## Line Chart: CIFAR-10 Test Accuracy vs. Number of Classes
### Overview
The image is a line chart comparing the test accuracy of two models, FedProto and FedMRL, across different numbers of classes. The x-axis represents the number of classes, ranging from 2 to 10. The y-axis represents the test accuracy, ranging from 40 to 100.
### Components/Axes
* **Title:** CIFAR-10
* **X-axis Title:** Number of Classes
* **X-axis Markers:** 2, 4, 6, 8, 10
* **Y-axis Title:** Test Accuracy
* **Y-axis Markers:** 40, 60, 80
* **Legend:** Located in the center-left of the chart.
* **FedProto:** Represented by a dashed light green line with circle markers.
* **FedMRL:** Represented by a solid light purple line with star markers.
### Detailed Analysis
* **FedProto:** The dashed light green line represents the performance of the FedProto model.
* At 2 classes, the test accuracy is approximately 94%.
* At 4 classes, the test accuracy is approximately 72%.
* At 6 classes, the test accuracy is approximately 62%.
* At 8 classes, the test accuracy is approximately 54%.
* At 10 classes, the test accuracy is approximately 40%.

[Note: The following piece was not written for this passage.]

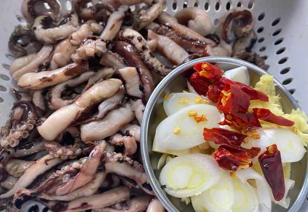 步骤1:韭菜洗干净切段,葱姜蒜切末。然后把鱿鱼触角洗干净,沥干水分备用。

* **Trend:** The test accuracy of FedProto decreases as the number of classes increases.
* **FedMRL:** The solid light purple line represents the performance of the FedMRL model.
* At 2 classes, the test accuracy is approximately 94%.
* At 4 classes, the test accuracy is approximately 86%.
* At 6 classes, the test accuracy is approximately 80%.
* At 8 classes, the test accuracy is approximately 76%.
* At 10 classes, the test accuracy is approximately 63%.
* **Trend:** The test accuracy of FedMRL also decreases as the number of classes increases, but at a slower rate than FedProto.
### Key Observations
* Both models exhibit decreasing test accuracy as the number of classes increases.
* FedMRL consistently outperforms FedProto across all tested numbers of classes.
* The performance gap between FedMRL and FedProto widens as the number of classes increases.
### Interpretation
The chart demonstrates that both FedProto and FedMRL models experience a decline in test accuracy when faced with a larger number of classes in the CIFAR-10 dataset. However, FedMRL maintains a higher level of accuracy compared to FedProto, suggesting it is more robust to the challenge of increasing class complexity. The widening performance gap indicates that FedMRL's advantage becomes more pronounced as the classification task becomes more difficult. This could be due to FedMRL's architecture or training methodology being better suited for handling a larger number of distinct classes.